When ready to be shaped, roll each dough ball into a 18X22.5cm (7″X9″) rectangle.
Use a sharp knife or a pizza cutter to cut the dough into thin strips. Slice each rectangle into 8 sticks of about 2.5 cm (1″) width.
Or you can make these any size you want, from thin to larger. Just adjust the cooking time.
Twist each stick if desired.
Place on a greased baking sheet (or parchment paper) with the dough distributed as evenly as possible, about 12 mm (1/2 inch) apart.
Cover the dough with a kitchen towel and let rise for 20 minutes to 1 hour. Just let it rise until it doubles in size.
Log/Hot dog buns
Decide whether you’d like to make your bread into small or bigger log loaves.
Pull the dough into a log shape and again fold it under itself until it resembles a long bun shape.
Log with diagonal scores
Shape it into a log.
With a blade or a sharp knife, make diagonal (at a 10 to 30-degree angle) cuts 6-12 mm (¼- ½ inch) deep across the top of each loaf, leaving about 2.5 cm/1″ uncut on each end. Never cut it entirely across the top of the loaf.
Attention: The scoring process is done just before the loaf is put into the oven. Don’t try to change its shape or rise once the cuts are made.
Roll each ball out on a silicone mat (or flat, floured surface) until it’s about 13 mm/½ inch thick. Fold it in half and gently seal.

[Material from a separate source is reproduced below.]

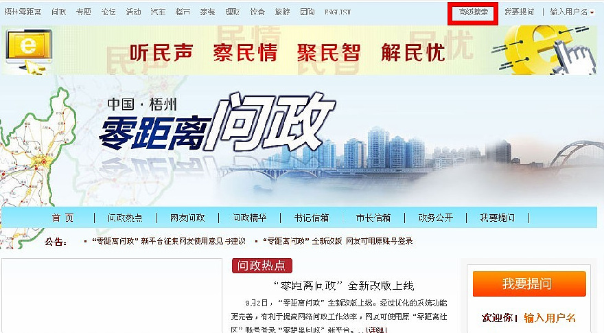 4、搜索帖子:登錄賬號后,在首頁頂部右邊點擊“高級搜索”。

Cut into 16 even size squares and place them on two cookie sheets with parchment paper (or lightly greased).
Note: use a pizza cutter for quick, easy cutting without tearing the dough, which a knife would do.
Keep all the rolls with about a 5 cm/2” distance between them.
Cover them and let them rise for 40–50 minutes at a warm place (25-30°C/80-85°F) until doubled in size.
Butterhorns or crescent-shaped bread have been made since the Renaissance. The French version was named croissant and has become an identifiable shape worldwide.
Lightly grease a baking sheet and set aside.
Roll dough into a 30 cm/12-inch circle on a lightly floured surface.
Brush dough with melted butter.
Cut into wedges.
To shape rolls, begin at the wide end of the wedge and turn rolling towards the point.
Place rolls point side down, 5-8 cm/2-3 inches apart, on a prepared baking sheet. Cover, let rise and bake as directed.